— Да нет у него никакого инфаркта! А есть, как это, предынфарктное состояние, недостаточность там какая-нибудь, криз сосудистый… Мы же толком не выяснили. Конечно, ты прав, — я заводилась все больше и больше, убеждая, скорее саму себя, чем своего водителя в непоколебимости собственной аргументации, — В общем-то они все хороши, эти болячки… Но НЕ СМЕРТЕЛЬНЫ! Чувствуешь? Вот приедем мы сейчас в Питер, а там уже Сережка нас в приемном покое дожидается, улыбается и собирается домой.
— Вита Витальевна, я вас расстраивать, конечно, не хочу, вам виднее. Кофе так кофе. Но я бы на нашем месте останавливаться не стал.

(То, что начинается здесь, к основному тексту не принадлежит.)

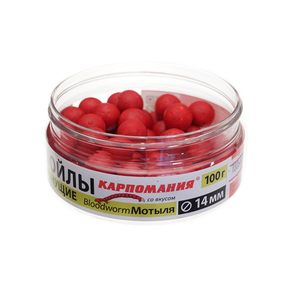 Бойлы Карпомания насадочные, тонущие 14мм 100гр Мотыль, в банке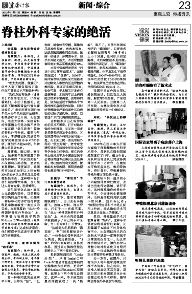 看着这位清瘦的脊柱大腕,记者好像明白了为什么年过60的他看起来像四五十岁,并且依然能够“hold住”相当耗体力的骨科手术。

Доедем до Питера, увидим Сергея Тимофеевича живым и здоровым, вот тогда и кофе попьем. Тем более, есть у меня такое, очень сильное подозрение, что за нами хвост.
— Хвост? Какой хвост? — Я завертелась, пытаясь отстегнуть ремень безопасности, — Ты имеешь в виду, что? Что за нами следят? — у меня похолодели кончики пальцев.
— Ну да, следят, пасут… Ведут нас, короче, дорогая начальница. Прямо от поселка и ведут. Я вас расстраивать не хотел, думал, оторвусь, но больно нагло ведут себя товарищи. Или нагло, или по-дилетантски, — Колюня нервно закурил.
— Это Качалов? — ахнула я.
— Судя по тому, что нам сообщили, скорее, не Качалов, а его люди. Самому ему, бедному, сейчас не до слежки…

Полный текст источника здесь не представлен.